Le FN ne voudrait certainement pas du modèle suisse…

A nos amis Français,
Vous l’ignorez peut-être mais vos débats politiques ont presque autant d’échos auprès de vos cousins helvètes que chez vous. Chaque bévue de votre président ou petite pique de votre opposition provoque des discussions passionnées dans nos bistrots. Les Suisses connaissent vos ministres, votre mariage pour tous et votre redressement productif.
Ces derniers mois, nous sommes nombreux à avoir été agréablement surpris de voir que notre pays suscitait l’intérêt d’une partie de votre classe politique, et pas seulement pour imiter un accent inventé par Coluche ou pour pointer du doigt le secret bancaire.
Non, depuis quelques mois, le Front national se gargarise du “modèle suisse”. Nous serions un exemple pour Mme le Pen et ses amis.
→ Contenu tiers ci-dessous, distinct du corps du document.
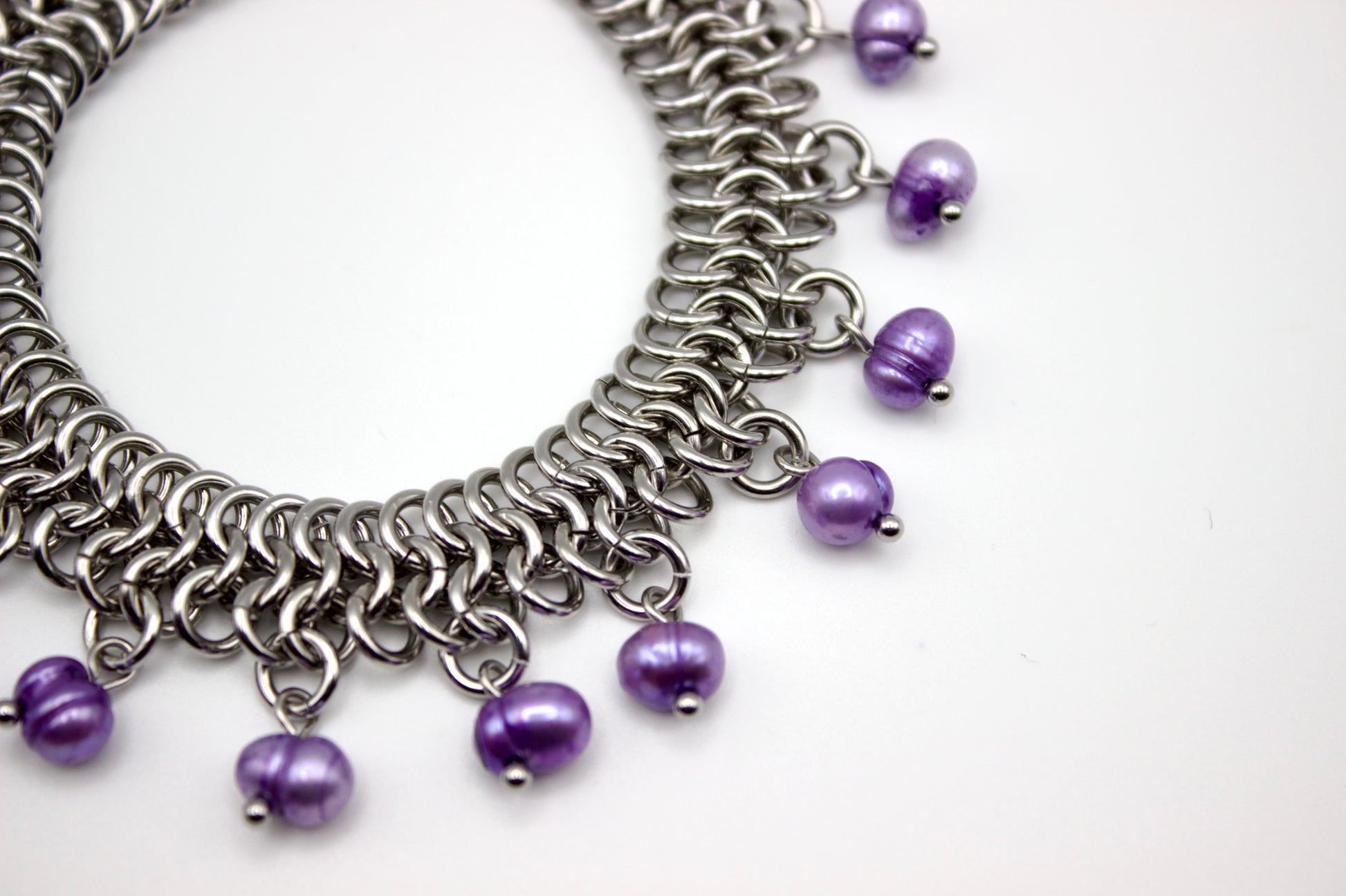 Materials: stainless steel jump rings and findings, freshwater pearls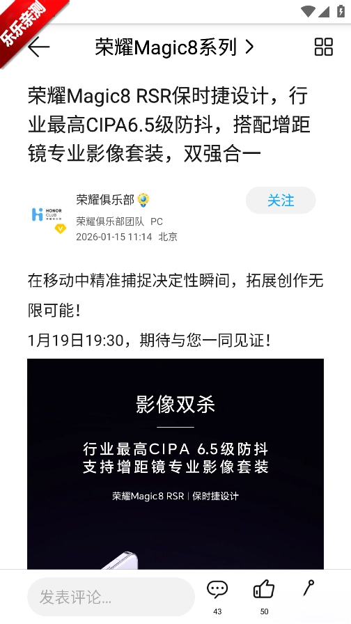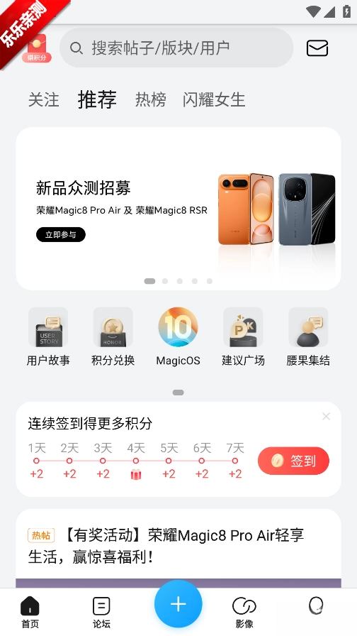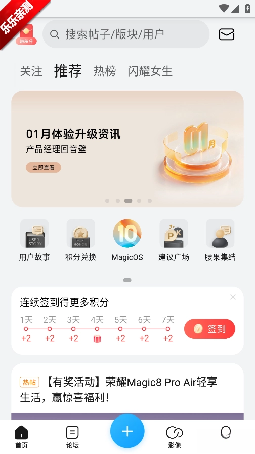 荣耀俱乐部是荣耀终端有限公司打造的综合性互动交流平台,面向荣耀用户与科技爱好者。该平台围绕“科技资讯、生活分享、玩机技巧、社区互动”四大核心,提供从产品评测到售后服务的全链路支持,旨在构建以用户为中心的智能生活社区。平台具备实时推送功能,涵盖荣耀手机、智慧生活IoT产品、配件等新品发布信息,同时覆盖系统更新、行业动态等深度内容;提供权威产品评测,助力用户了解产品性能、设计及性价比,为购买决策提供参考;支持用户就手机使用、技术难题等话题发起讨论,工程师与资深用户会实时解答;设有美图、美食、美景等生活板块,用户可上传4K超清图片或长文并添加地理位置标签,平台每日更新摄影师原创作品,还支持按设备型号筛选适配壁纸,用户可进行收藏与评分操作。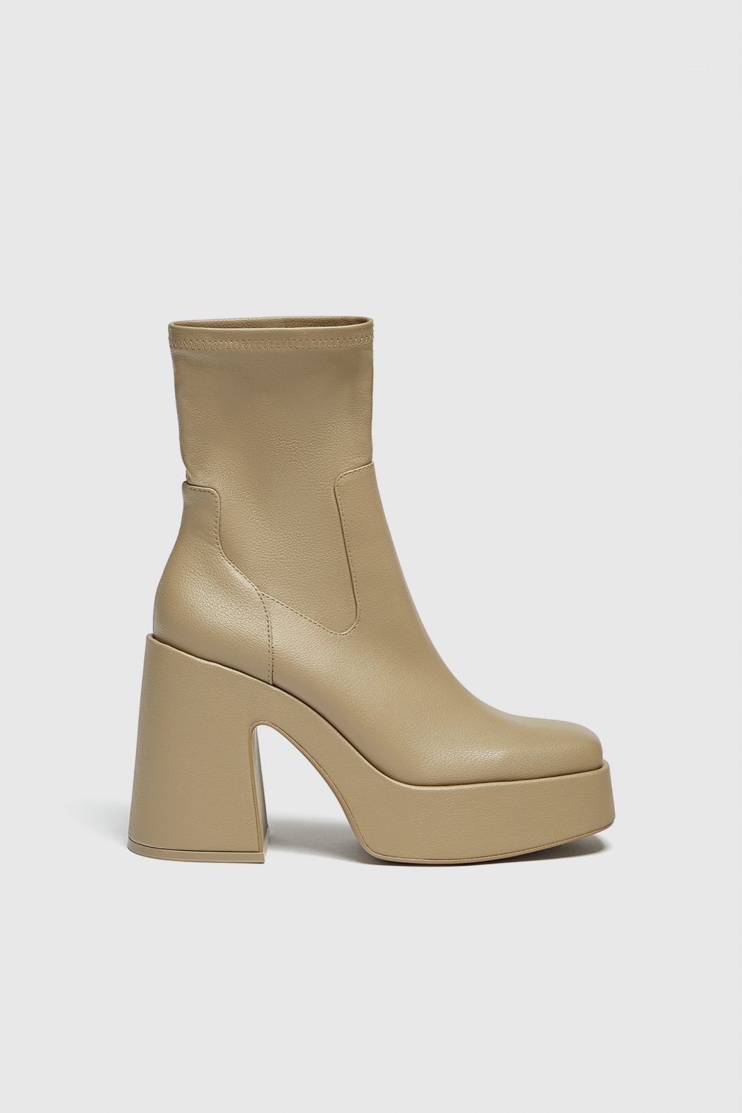 La hermana pequeña del modelo anterior. Hay chicas que no se sienten cómodas con una caña tan alta, además de que solo se puede utilizar con pantalones cortos o con una falda. Por ello, Pull&Bear tiene este botín plataforma stretch que es un calzado que podemos utilizar más de diario, aunque están pensadas para salir de fiestas. Un tacón de 11 centímetros, el modelo que más tacón tiene, una caña que cubre el tobillo, un corte ceñido al pie, un estilo calcetín, disponible en color negro y taupe y un precio muy económico de 39,99 euros.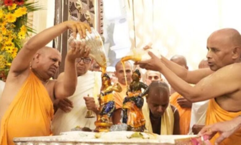 मथुरा। वृंदावन में श्रीकृष्ण बलराम इस्कॉन मंदिर में जन्माष्टमी पर देश-विदेश से आए हजारों श्रद्धालु कृष्ण जन्म के आनंद में सराबोर दिखाई दिए। मंदिर में दिव्य विग्रह का अभिषेक किया गया। सुबह से ही मंदिर प्रांगण में भक्तों का सैलाब उमड़ पड़ा। अमेरिका, ब्रिटेन, रूस, फ्रांस, ऑस्ट्रेलिया, कनाडा, वियतनाम, न्यूजीलैंड जैसे कई देशों से आए भक्तों ने भी पारंपरिक परिधान में भाग लेकर आयोजन को अंतरराष्ट्रीय स्वरूप प्रदान किया। रात्रि में कृष्ण-बलराम के श्रीविग्रह का गो-दुग्ध, दही, घी, शहद, गंगाजल और विभिन्न फलों के रसों से विधिवत अभिषेक किया गया। भक्तजन नृत्य करते हुए अपने आराध्य के जन्मोत्सव में मग्न रहे। मंदिर के अध्यक्ष पंच गौड़ा दास, मुख्य वित्त अधिकारी एचएच जनार्दन स्वामी और रविलोचन दास समेत अन्य ने सभी व्यवस्थाओं को बखूबी संभाला।

Or, ces gens n’ont malheureusement rien compris à ce qu’était la Suisse, à ce qui faisait notre modèle que nous ne cherchons à imposer à personne.
Il semble que les dirigeants français ont une fâcheuse tendance à caricaturer tout ce qui leur passe dans les mains. Ainsi, la Suisse serait un petit pays isolationniste, anti-minarets et anti-immigration. Quelle veine pour le Front national, évidemment. Je dois malheureusement les décevoir un peu: la Suisse est en réalité tout ce que le FN abhorre.
Notre démocratie, ce n’est pas une suite de “référendums d’initiative populaire” pour destituer un gouvernement qui aurait l’audace de “vendre l’industrie nationale” à des pays étrangers. Le franc suisse, ce n’est pas une monnaie destinée à être manipulée au gré des besoins d’une partie de l’économie. L’Etat fédéral, ce n’est pas l’égalitarisme à outrance, imposé contre le grand capital mondialiste. La Confédération, ce n’est pas une machine pour protéger les Suisses contre la concurrence étrangère. En Suisse, on ne pense pas que le taux de chômage est défini par le ministre de l’économie. On ne pense même pas que le taux de chômage est le problème de la politique, mais celui de l’économie.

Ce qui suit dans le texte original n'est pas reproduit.